Pandas Iterrows行號和百分比

我正在瀏覽具有1000行的數據幀。我理想地想知道我的循環的進展 - 即它已完成多少行，它已完成總行數的百分比等。Pandas Iterrows行號和百分比

是否有辦法打印行數甚至更好，百分比的行在之前？

我的代碼目前在下面。目前，打印下面看起來如何顯示，現在顯示某種元組/列表，但是我需要的是行號。這可能很簡單。

for row in testDF.iterrows(): 

     print("Currently on row: "+str(row))

理想印刷響應：

Currently on row 1; Currently iterrated 1% of rows 
Currently on row 2; Currently iterrated 2% of rows 
Currently on row 3; Currently iterrated 3% of rows 
Currently on row 4; Currently iterrated 4% of rows 
Currently on row 5; Currently iterrated 5% of rows

來源

2017-07-02 christaylor

爲什麼你要使用循環開始？最有可能是更好的方法。如果必須，那麼可以使用'enumerate'輕鬆計算進度，該枚舉返回當前行的索引（以及行本身），它可以除以總行數。（testDF.iterrows（））：... progress = index/len（testDF）' – DeepSpace

我正在使用iterrows循環，因爲我使用地理編碼數據創建了一個新列。

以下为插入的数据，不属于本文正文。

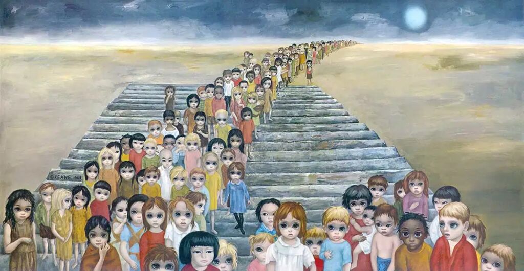 Маргарет Кин родилась в 1927 году, выросла в Нашвилле в США и изучала искусство в городском художественном институте Уоткинса. С 11 лет она рисовала детей с большими грустными глазами. Впоследствии они стали фирменной чертой ее картин, принесших Маргарет и ее мужу Уолтеру Кину сотни тысяч долларов.
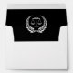 Black and white laurel leaf with scales of justice in a silhouette. Black background. Personalize this graduation item with law school, legal profession such as attorney, lawyer, paralegal, college or university and your name and title along with graduation ceremony or open house party information.
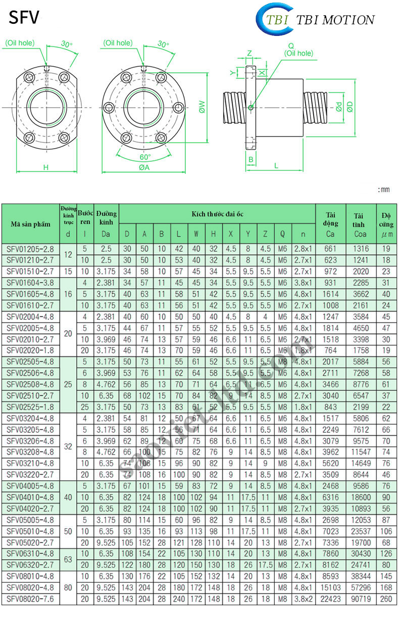 Đai ốc vít me bi hãng TBI đường kính trục mini kích thước tham khảo bảng thông số từ 12,16,20,25,32,40,50,63,80,100
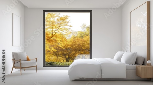 Modern bedroom with autumnal view
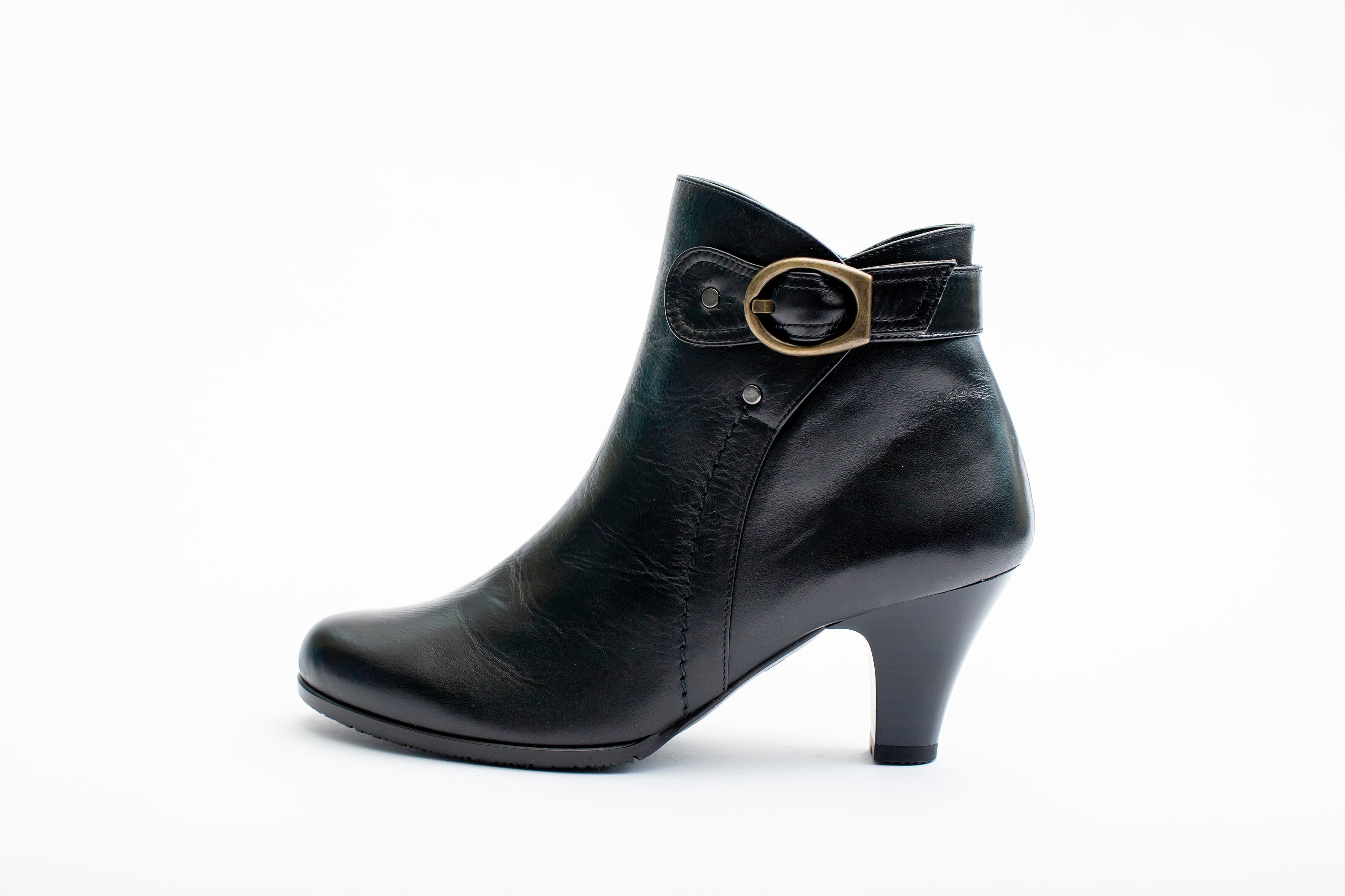 日本製。牛本革、内側ファスナー付き。 シンプルな黒ブーツ。 疲れにくいので、毎日でも旅行でも大活躍。 【ソールの厚さ】 前方1.5cm かかと部7cm ヒール感5.5cm
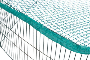 De ren bestaat uit zes panelen en is voorzien van een deur. De maaswijdte is 1X1 cm. Inclusief haringen.
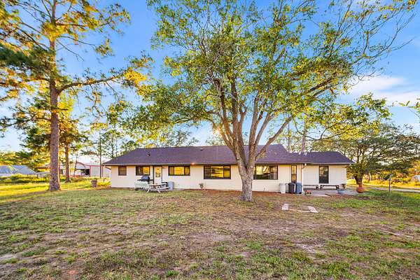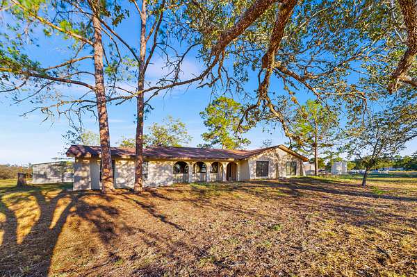 HONEY STOP THE CAR! Looking for quiet country living yet easy access to San Antonio and Floresville? Then this may be the home for you. This 1970's ranch style home sits on 4.6 acres just inside the Wilson County line and is rich with many varieties of mature trees. The front portion of the property is cleared so bring your horses and farm animals as there are no restriction or HOA. Behind the home is a 20x20 SF metal workshop with electricity and a 10x10 covered outdoor slab attached as well as a 12x24 SF storage building. There are 6 hose bibs strategically located throughout the property to support animals or a garden. The home offers an expansive living room, a formal dining room and a large bonus room similar to a California room, all with lots of natural light. The roof shingles were replaced in 2025 and new doors and fiberglass windows installed in 2018. WDI bate stations were installed in July 2025 to prevent WDI for up to a year. Make this property your own.
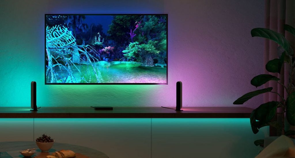 画面がある色から別の色に移行すると、ライトもシフトします。モニターの周りの軽いストリップは、画面上の色を反射するようにシフトする可能性がありますが、リビングルーム全体の個々の電球は変化して、映画の中に深く引っ張る雰囲気を生み出します。
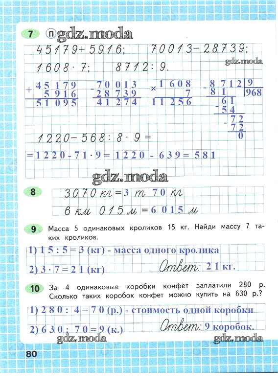 ОТВЕТ на задание № 80 Рабочая тетрадь по Математике 4 класс Волкова Школа России
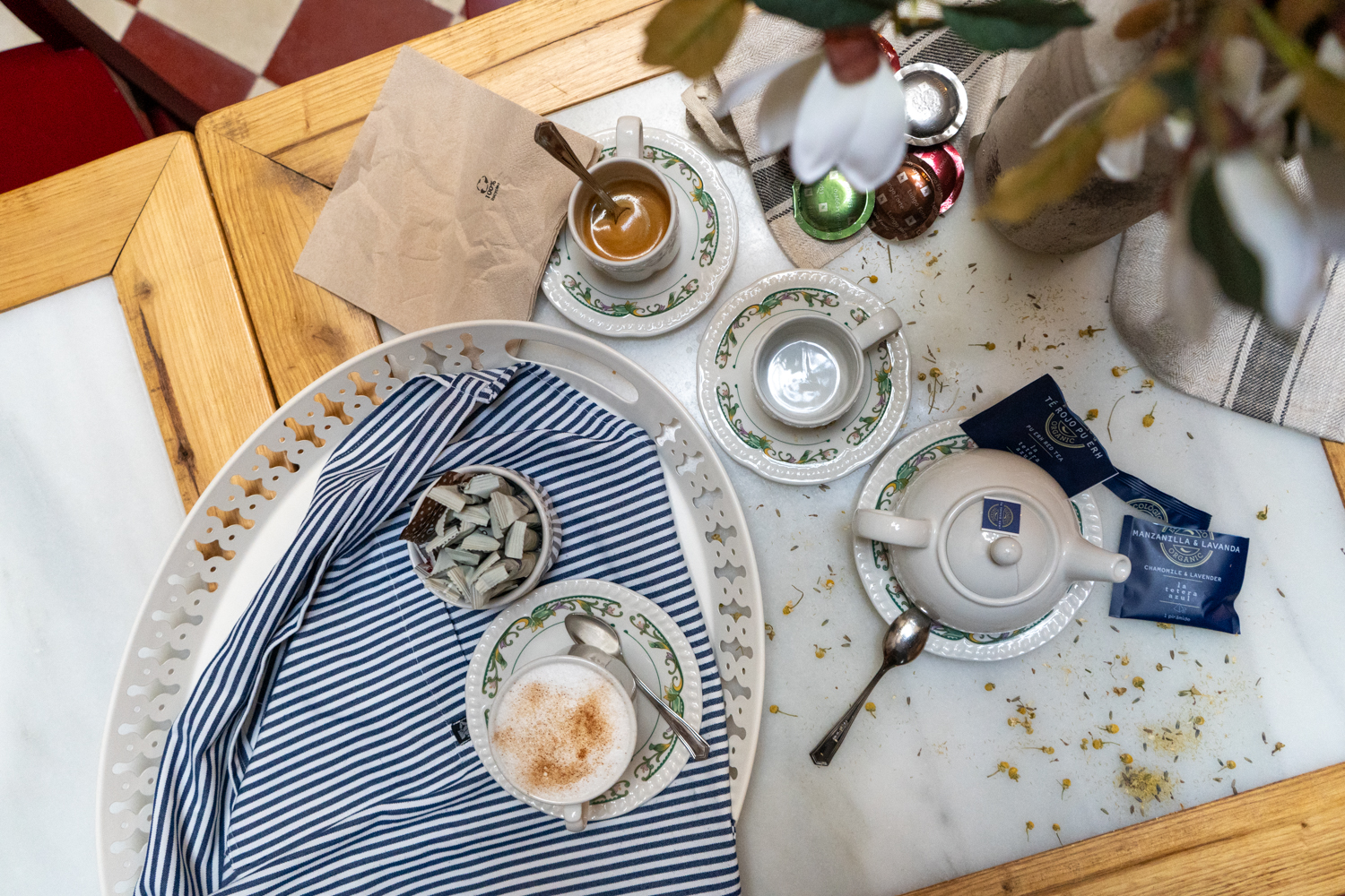 - Merienda con dulces de La Bodeguilla, turrones y café

大部分允許您進行地理編碼的服務都有限制，因此我在循環中也添加了0.1秒的延遲。 – christaylor

一個與format可能的解決方案，如果唯一單調指數（0,1,2,...）：

for i, row in testDF.iterrows(): 
     print("Currently on row: {}; Currently iterrated {}% of rows".format(i, (i + 1)/len(testDF.index) * 100))

樣品：

np.random.seed(1332) 
testDF = pd.DataFrame(np.random.randint(10, size=(10, 3))) 
print (testDF) 
    0 1 2 
0 8 1 9 
1 4 3 5 
2 0 1 3 
3 1 8 6 
4 7 4 7 
5 7 5 3 
6 7 9 9 
7 0 1 2 
8 1 3 4 
9 0 0 3 

for i, row in testDF.iterrows(): 
     print("Currently on row: {}; Currently iterrated {}% of rows".format(i, (i + 1)/len(testDF.index) * 100)) 
Currently on row: 0; Currently iterrated 10.0% of rows 
Currently on row: 1; Currently iterrated 20.0% of rows 
Currently on row: 2; Currently iterrated 30.0% of rows 
Currently on row: 3; Currently iterrated 40.0% of rows 
Currently on row: 4; Currently iterrated 50.0% of rows 
Currently on row: 5; Currently iterrated 60.0% of rows 
Currently on row: 6; Currently iterrated 70.0% of rows 
Currently on row: 7; Currently iterrated 80.0% of rows 
Currently on row: 8; Currently iterrated 90.0% of rows 
Currently on row: 9; Currently iterrated 100.0% of rows

EDI T：

如果一些自定義的索引值，溶液zip和numpy.arange通過length of index什麼是相同的length of df：

np.random.seed(1332) 
testDF = pd.DataFrame(np.random.randint(10, size=(10, 3)), index=[2,4,5,6,7,8,2,1,3,5]) 
print (testDF) 
    0 1 2 
2 8 1 9 
4 4 3 5 
5 0 1 3 
6 1 8 6 
7 7 4 7 
8 7 5 3 
2 7 9 9 
1 0 1 2 
3 1 3 4 
5 0 0 3 

for i, (idx, row) in zip(np.arange(len(testDF.index)), testDF.iterrows()): 
    print("Currently on row: {}; Currently iterrated {}% of rows".format(idx, (i + 1)/len(testDF.index) * 100)) 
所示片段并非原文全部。